На выходе из крена по крутой траектории падал еще один бомбардировщик. Вслед за ним, почти догоняя, оставлял последний дымный след сбитый истребитель противника.
Когда ушли от преследования, начали рассыпаться. У кого-то перегрелись моторы, кто-то не мог держать большую скорость из-за повреждения самолета, кто-то уже шел на вынужденную.
Прокофьев, увидев одиночно прилетающие самолеты, понял, что это, возможно, один из самых трудных вылетов. Он дал команду приготовиться врачу и техникам для оказания помощи.
Летчики садились с ходу, стараясь быстрее отрулить на свою стоянку, словно до сих пор ощущали преследование фашистских истребителей.
Не хватало пяти самолетов. А горизонт уже кругом был чист. Севшие летчики не могли точно сказать, сколько сбито. Они даже не знали, кто из них вернулся.

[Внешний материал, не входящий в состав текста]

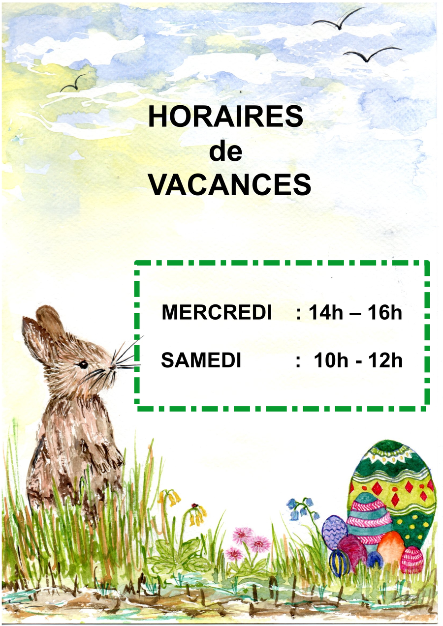 À l’occasion des vacances de Pâques, les horaires de la bibliothèque sont modifiés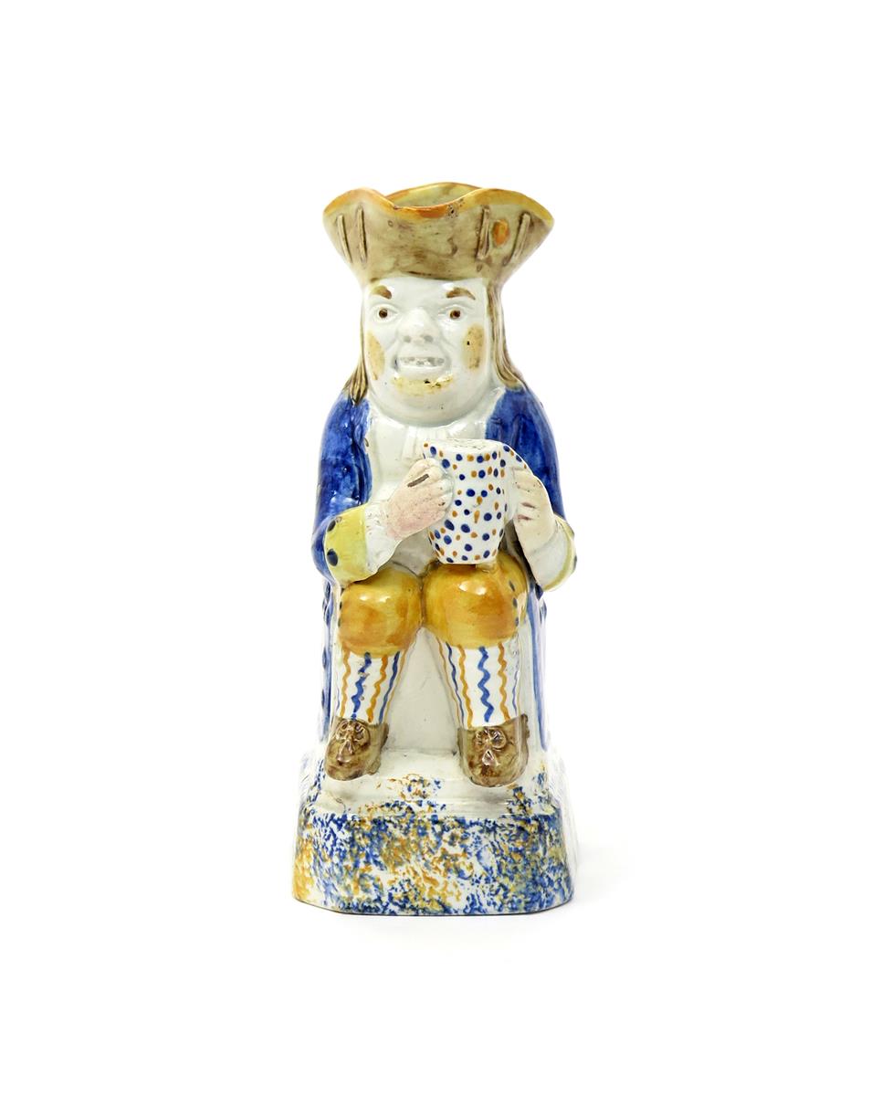 A small Pratt ware Toby jug c.1800, wearing a blue coat over yellow breeches, a spotted jug of ale on one knee, raised on a tall sponged base, a small chip to his hat, 19cm.

Гавриил Михайлович не верил в гибель всех пяти экипажей. Ведь бывало, что садились на вынужденную и в поле, и на другие аэродромы. Потом приходили, приезжали, прилетали, звонили по телефону.
Но вот в небе снова послышался гул приближающегося самолета. Все напряженно оглянулись. Бомбардировщик шел поперек аэродрома с выпущенным шасси, постепенно снижаясь. По мере приближения стало видно, что левый винт стоит, а за правым мотором тянется длинный шлейф дыма. Самолет приближался, покачиваясь с крыла на крыло, и не трудно было определить, что он едва держится в воздухе на малой скорости.
На высоте метров пять летчик резко убрал газ, и казалось, что он старается скорее ткнуть машину на колеса. Похоже, его не пугала опасность сделать «козла».
Действительно самолет коснулся земли, отделился, еще раз коснулся, но уже грубее, отчего взмыл метра на два. Затем начал «сыпаться» с энергичным сваливанием на левое крыло. Казалось, еще мгновение, и он ударится законцовкой о землю и тогда... Но левая стойка шасси раньше коснулась земли, и машина, переваливаясь со стороны на сторону и сильно подбрасывая хвостовую часть, покатилась к опушке леса. Почти остановившись, самолет вдруг резко развернулся, подломил правую стойку шасси и лег на плоскость, окутанный облаком пыли.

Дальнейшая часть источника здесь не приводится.